Post Academic


Christine O’Donnell and fudging your resume

Since we were on the topic of politics this week, have you heard about the resume padding scandal involving GOP Delaware Senate candidate Christine O’Donnell, who seems to represent her whole own kind of crazy?  Talking Points Memo has been all over what it’s calling “LinkedIn Gate”, which involves O’Donnell fudging the education line of her resume.  The main issue in question is a line on her resume that she earned a “Certificate in Post Modernism in the New Millennium” at the University of Oxford, which sounds a little sketchy to begin with.  Anyway, O’Donnell’s campaign came up with some kind of lame conspiracy explanation that someone put up a fake LinkedIn account to discredit her, but HuffPo checked with ZoomInfo about identical education info posted there and found out that the bio was verified by O’Donnell.

"Mmmm fudge!" by Brampton cyclist (Creative Commons license)

This opened up a bigger can of worms for O’Donnell, especially when TPM went digging and asked the “Claremont Institute”, also listed on her resume, about her application to see if it included the Oxford certificate.  In turn, TPM learned that the her participation in a one-week program at the “Claremont Institute” was embellished, which, one presumes, includes the vague idea that the conservative think-tank would be connected to the Claremont Colleges, which it isn’t. Now we go further down the rabbit hole of O’Donnell’s imaginary education, since, per Politico, she hadn’t actually received her undergrad diploma from Farleigh Dickinson until this September, even though she has been calling herself a graduate of the school.  Apparently, she had an elective to finish up and owed the school $4000 in tuition — fudging the degree is one thing, but owing tuition money can’t bode well for her Tea Party bona fides, if there is such a thing, can it?

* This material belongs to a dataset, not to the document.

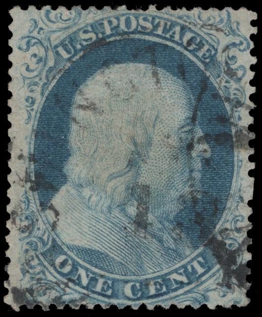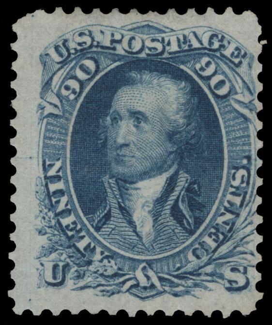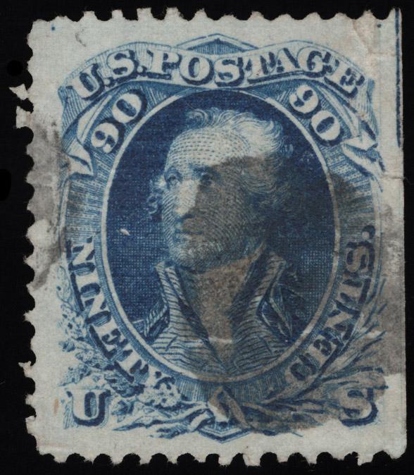 1868, 90c BLUE "F" GRILL USED, #101, well-centered with wide margins, s.e. at right, cork cancel, small faults incl. corner crease and tiny tear, extremely fine appearing, cat. $2,700.00 (Image)
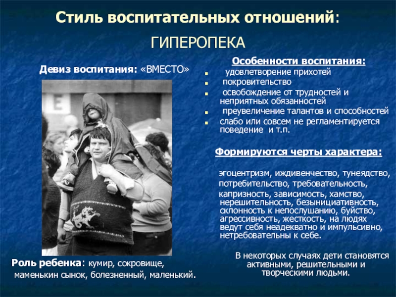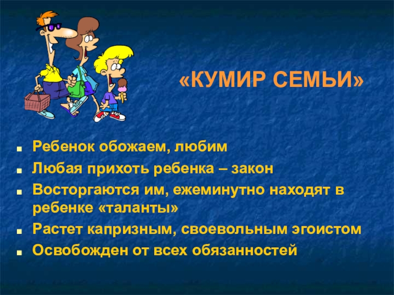 Роль ребенка: кумир, сокровище,

Going back to what started this whole thing off, the Oxford certificate, the line stretches the meaning of “at Oxford” to its extremes, since she earned a certificate from a three-week program called the “Phoenix Institute” that seems to rent space from Oxford and isn’t officially affiliated with Oxford.  O’Donnell’s “Oxford” “tutor”, currently an Oxford Ph.D. candidate and prof somewhere in Nicaragua, apparently raves about her, describing her as “intelligent, engaged, dynamic, good with questions and interested in ideas” and his course as stacking up to “any graduate school at any university.”  All this brings to my mind those “Oxford Round Table” solicitations I’ve received in my inbox before, which set off warning bells by asking for an exorbitant fee before you read the fine print that it’s not connected to Oxford.  Have you gotten those?  It’s kinda like the elitist Ph.D. version of the Phoenix Institute for more advanced scholars to, it seems, buy an Oxford conference paper to put on your CV at a cost of a few thousand bucks.  If I’m right or wrong about this and someone has attended, please comment below.  I just know that if my invite to something at Oxford involves a company in Kentucky, I’m questioning if it’s legit.

All this begs the question of just why is Oxford letting it’s name be used for all these dubious enterprises, especially when you’d think that Oxford would be protecting its brand and/or too snobby to let just anyone co-opt it, right?  And anyone who’s following the O’Donnell saga has to be wondering when she would’ve had the time to get all these “degrees”, since it seems like she spent much of the late 1990s on Bill Maher’s “Politcally Incorrect” and “MTV News”.